What could you do given an efficient algorithm to produce such a map?  In my
previous post I suggested that you could do much better halftoning, but here's
a list of additional possible applications, some of which were proposed by
Taylor:

- JPEG or JPEG2000 compression: improve the visual quality per bit by using
  bits on the parts of the image, and the frequencies, that really need it
- generating line-art representations of images (e.g. pencil portraits).  This
  requires that Taylor's algorithm continues to provide useful values for
  images that are very different indeed, which I haven't validated but which I
  will assume for the rest of this list.  This includes both robot drawings
  with physical pencils and purely in-computer drawings with virtual pencils.
- ASCII art
- choice of palette values for dithering: far beyond Heckbert median-cut
- pointillist versions of images
- image approximation with, say, overlapping circles of solid colors
- designing a mosaic to approximate an image, given a known set of available
  tiles, e.g. a pile of broken ceramic of different colors.  This can be
  generalized to making images from found objects in general: fallen leaves,
  river rocks, etc.
- mural planning for robotic airbrushing or for humans following a
  computer-generated plan
- designing stencils or silkscreens to approximate a desired image as closely
  as possible, subject to some constraint (e.g. limited total edge length,
  small number of colors)
- constructing images containing features that only amblyopic people can see,
  because they can't see the distractors that would be present for normal
  vision
- guiding texture synthesis from a limited palette of textures to match, as
  closely as possible, hand-drawn line art or ASCII art
- designing shiny three-dimensional shapes whose caustics approximate a desired
  image
- optimizing the scratch holograms Bill Beaty rediscovered to produce the best
  image quality for a limited number of scratches
- optimizing the "opacity 'holograms'" that I wrote about in 2000:
  <http://lists.canonical.org/pipermail/kragen-hacks/2000-August/000260.html>.
  Here the thing to optimize is the quality of the worst image in a set, for a
  given overall density.  By making the sheets more and more opaque, with a
  smaller fraction transparent, you can make this optimization problem easier,
  converging in the limit to a vertical-slit version of lenticular 3D images.
  But if you can intelligently trade off pixel errors between the images, you
  should be able to do a dramatically better job.  (This is also a video codec.
  Unfortunately Taylor's model does not attempt to model the perceptual
  fidelity of lossy moving images.)
- robotic sculpting of sand to approximate scenes using the shadows of the
  sand.  This, too, can be a multiple-image optimization problem, if you can
  change the direction of the light.
- selection of pigments for e.g. silkscreening or sand painting.

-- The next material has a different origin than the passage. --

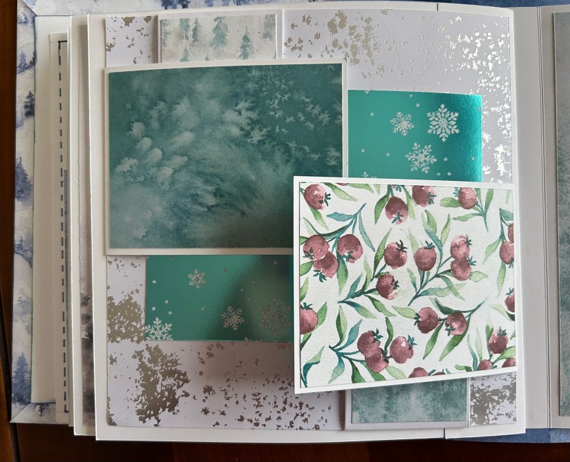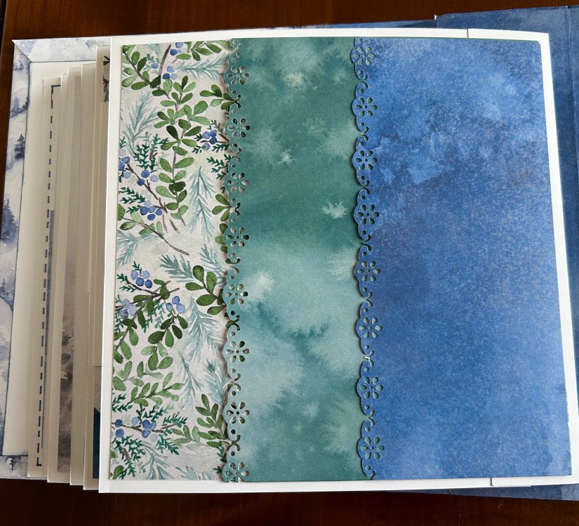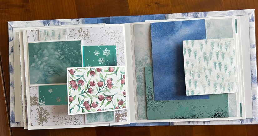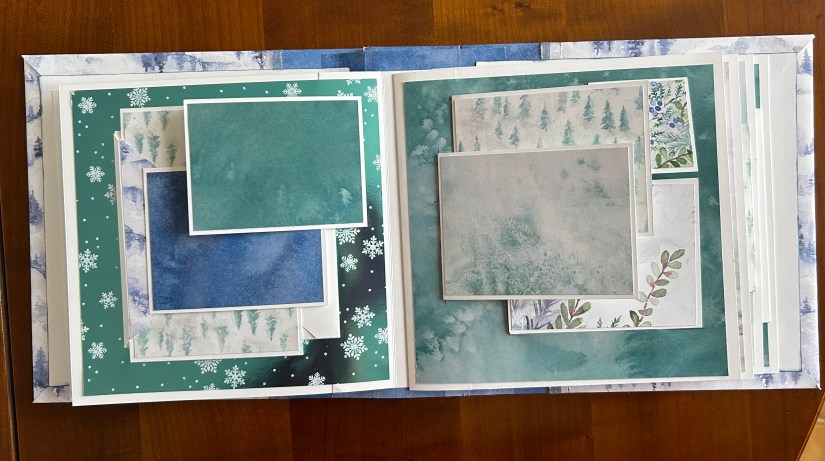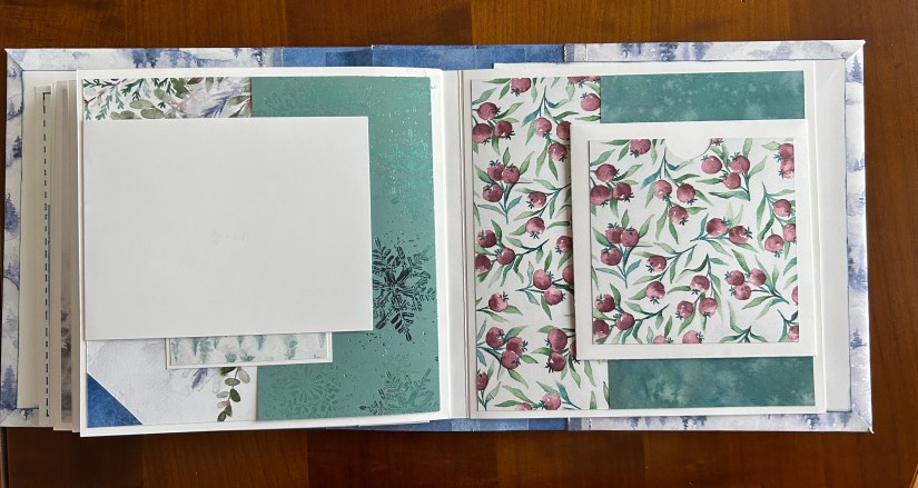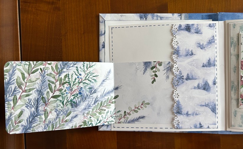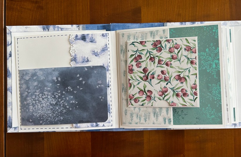Je vous présente le mini-album que nous avons réalisé du 1er au 24/12. J’envoyai une consigne par jour aux inscrites et elles ont réalisé l’album au fil des jours.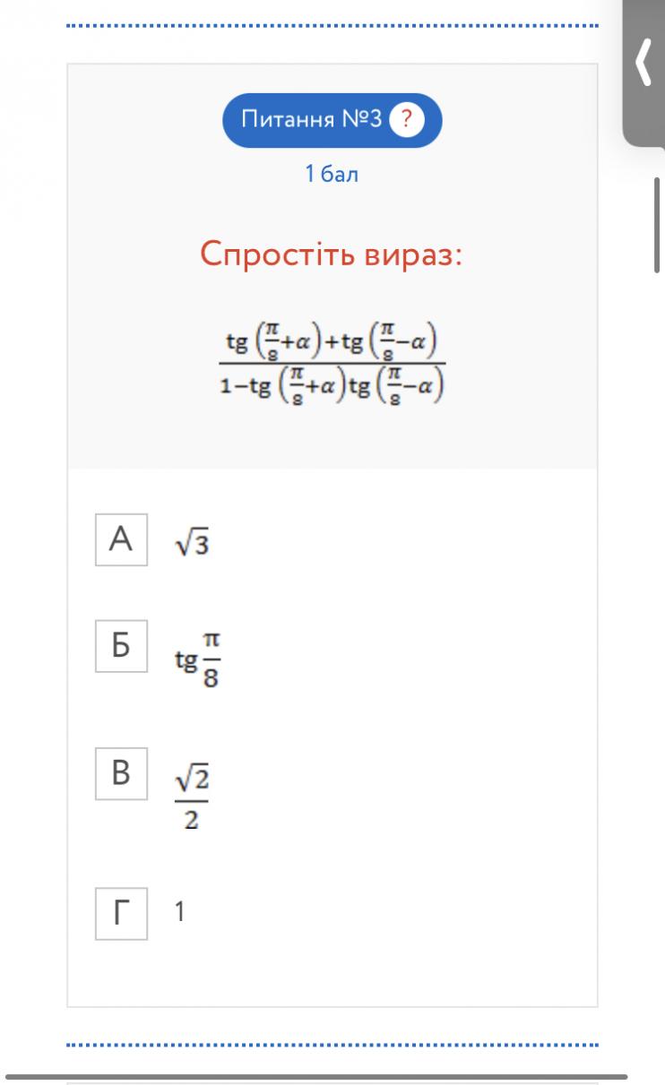 (tg(π/8 + α) + tg(π/8 - α))/(1-tg(π/8 + α)tg(π/8 - α))

As you can tell, I've been wishing this algorithm existed for a very long time,
perhaps nearly as long as it's existed.  I don't understand why it hasn't had
more impact.  Google Scholar claims that the dissertation is cited by only two
publications (!!), one of which is by Taylor's own professors and coauthors on
the shorter SPIE paper version from 1997, which is only cited in 34.

The second most-cited of those citing documents is [Modern Image Quality
Assessment][0], a 2006 book which surveys the field of computational quality
models like Taylor's; it can be downloaded from Morgan Claypool as a PDF for
US$30.  There appears to be a lot of work going on in the field.

[0]: 
http://www.morganclaypool.com/doi/abs/10.2200/S00010ED1V01Y200508IVM003?prevSearch=allfield%3A(modern+image+quality)

Oh brave new world, that has such publications in it!